In 2022, the national government’s outstanding debt settled at 60.9% of gross domestic product (GDP), lower than the 61.8% target that was set in the Medium-Term Fiscal Framework (MTFF).
Furthermore, the Bureau of the Treasury (BTr)’s latest cash operations report showed that the government’s budget deficit narrowed down to 7.3% of GDP from 8.6% in 2021. The latest fiscal outturn is also better than the MTFF target for 2022 at 7.6%.
“The Marcos administration is committed to maintaining sound macroeconomic fundamentals and achieving its fiscal targets by continuing the course of sound fiscal management.
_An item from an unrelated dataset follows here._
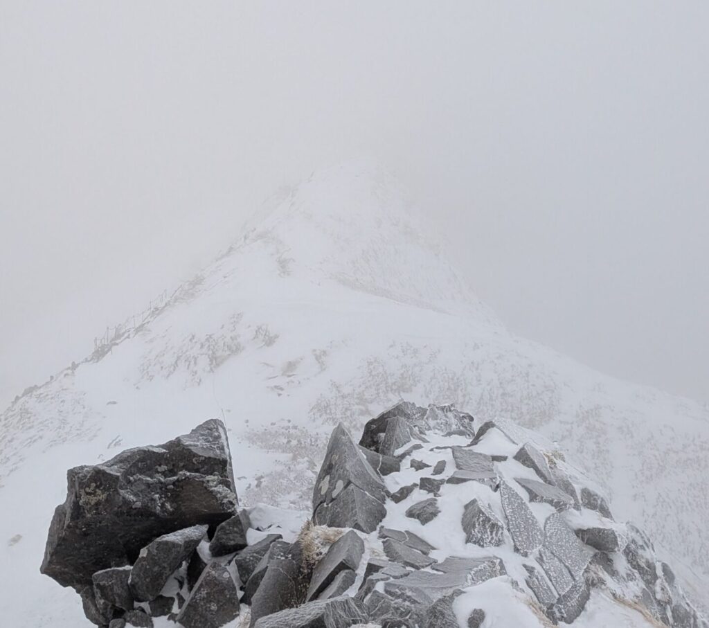 山頂直下では、強風と寒さから来る恐怖で時々足が止まりつつも、前を行くUさんに必死でついていきます。(私がビビりなだけで先輩方3人は平気そうでした。ただただ寒かったそうです。)

The country’s recent structural reforms will also enable the country to withstand the pandemic shocks and map a route to recovery,” Finance Secretary Benjamin Diokno said.
The government will continuously implement reforms to foster investment-led growth, which will help broaden opportunities for quality employment and further enhance productivity.
To tackle the recent elevated inflation, the government is adopting a whole-of-government approach. The Bangko Sentral ng Pilipinas (BSP) stands ready to take all necessary policy actions to bring inflation to within the 2 to 4 percent government target over the medium term.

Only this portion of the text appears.